After saying yes to fighting with a broken foot, she wasn’t about to say no to a new opponent, even though she had no time to prepare.

That is the kind of toughness, physically and mentally, that will be required of someone – anyone – in the flyweight division to defeat Shevchenko.

“At that point, I knew I had to do it [fight with the broken foot] or else someone else would step up to the plate,” Montaño said. “Lauren Murphy was there, just waiting. She was asked to be there just in case someone didn’t make weight. I knew at that point from the TUF season how ready these girls were to jump on any opportunity that was open, so I knew I had to push through the broken foot and the injury.”

She had been cutting weight the night before with Eubanks, and knew Eubanks wasn’t going to be able to fight. She suspected Modafferi might be the opponent and she just switched gears mentally and prepared for her.

But Montaño said the way she prepares for fights allowed her to handle the late opponent change with ease.

“Throughout my camp, it’s not necessarily, ‘How do I beat this person?’ it’s ‘How can I be the best I can be that night?’ ” she said. “Fights can go anywhere. You could be moving perfectly. Your timing could be on point and one second later, you’re caught. You get clipped with a good, accurate shot and you’re down. It doesn’t have to be powerful. Or, you slip and then the fight’s on the ground. There are so many variables when it comes to mixed martial arts and MMA fighting and you have to be pretty strong and sturdy mentally.”
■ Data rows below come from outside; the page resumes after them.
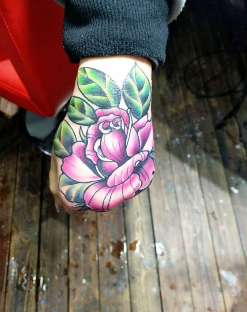 • 手背潮流时尚的玫瑰花眼睛纹身图案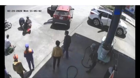 Hiện trường vụ bắt cướp tại cây xăng Xô Viết Nghệ Tĩnh. (Ảnh cắt từ clip) |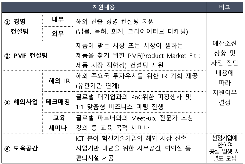 | 지원대상 | 해외 진출이 준비된 ICT 융합 기술(Data, Network, AI, 5G 등) 보유 기업 |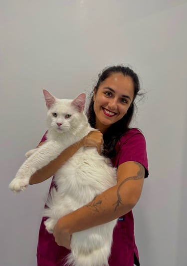 Lucie a rejoint notre équipe en septembre 2025 en tant qu’assistante vétérinaire. Disponible et à l’écoute, elle répond à vos questions et vous conseille sur l’alimentation, l’hygiène ou la prévention des parasites de vos compagnons. Elle assiste également les vétérinaires lors des consultations et des interventions chirurgicales, participe à la réalisation d’examens complémentaires et veille avec attention sur les animaux hospitalisés. C’est aussi elle qui partage sur notre compte Instagram, avec votre accord, les plus belles photos de vos compagnons !
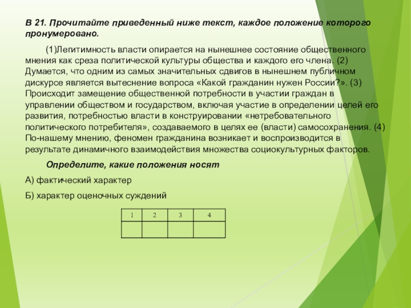 Слайд 33В 21. Прочитайте приведенный ниже текст, каждое положение которого пронумеровано.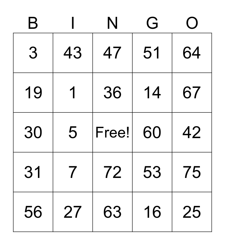 This bingo card has a free space and 24 words: 7, 27, 36, 56, 64, 3, 19, 43, 60, 72, 14, 30, 53, 75, 1, 16, 42, 47, 67, 5, 25, 31, 51 and 63.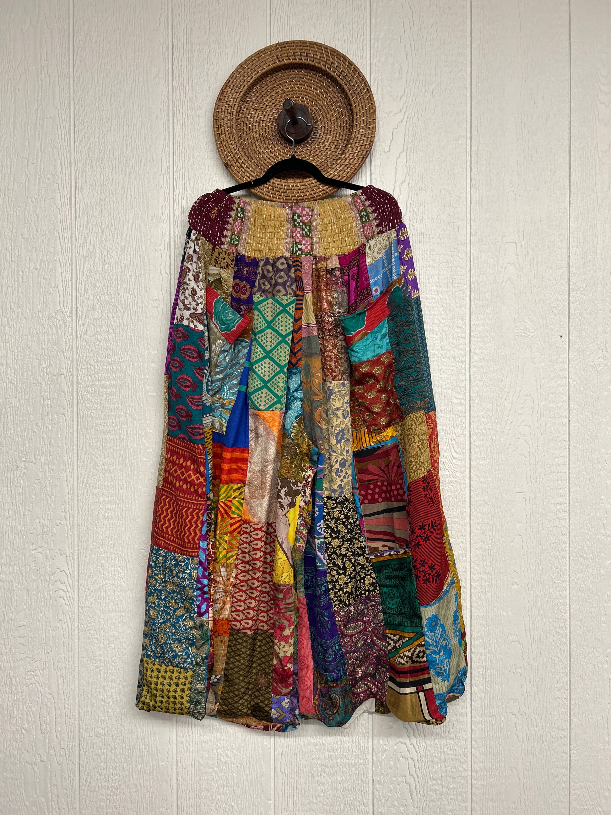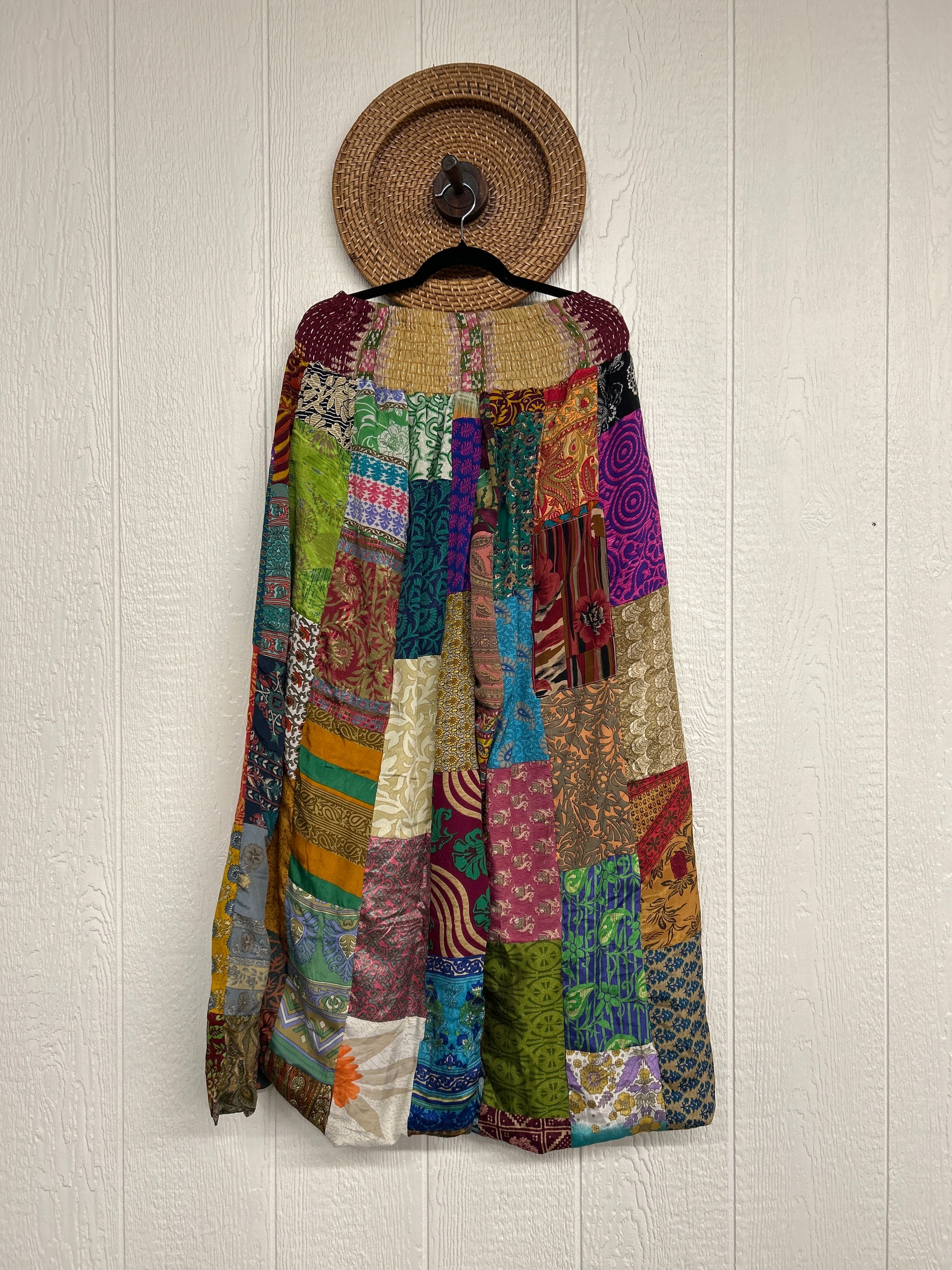 Features super wide legs that make your pants dance when you walk. Front slouchy pockets are deep enough to fill with your treasures. Vintage Rasgulla and Crepe Sari make up the beautiful patchwork featured on the outside with vintage cotton sari lining on the inside. Fully reversible and free size in all the ways!

She’s eager to get in the cage with Shevchenko because it will give her the opportunity to get the last laugh against those who have said she has no chance.

She noted that Shevchenko is quick and flashy, but believes her “sturdy” style is suited for it.

She’s also confident because of what she has overcome in life. She is a Native American from the Navajo tribe and had plenty of obstacles in front of her in her everyday life.

She was living hand-to-mouth before going on ‘The Ultimate Fighter,’ and her win enabled her to leave the tiny basement apartment she shared with her boyfriend.

The odds are long, but so too were the odds that she’d escape poverty to become a world champion, so don’t tell her that it’s impossible for her to win.

“I think I’ve been able to shine light onto where I’m from, the Navajo Nation and kind of all our trials going on,” Montaño said. “You know, we’re a third-world country within this country and we don’t get recognized as such and we see, you know, a lot of people are kind of naive when it comes to our cultures and traditions. I think that’s what’s most important in giving me strength and the confidence that I have and that’s why I’m the champion.

“Not every person who wins a belt is going to be a champion per se, because they’re not utilizing the advantage of the situation to the best. I think in this movement, particularly with the indigenous peoples, I’ve shown that no matter how much of an underdog you are, you know you can come out on top and we’re all able to prevail. It’s definitely an analogy in our strength.”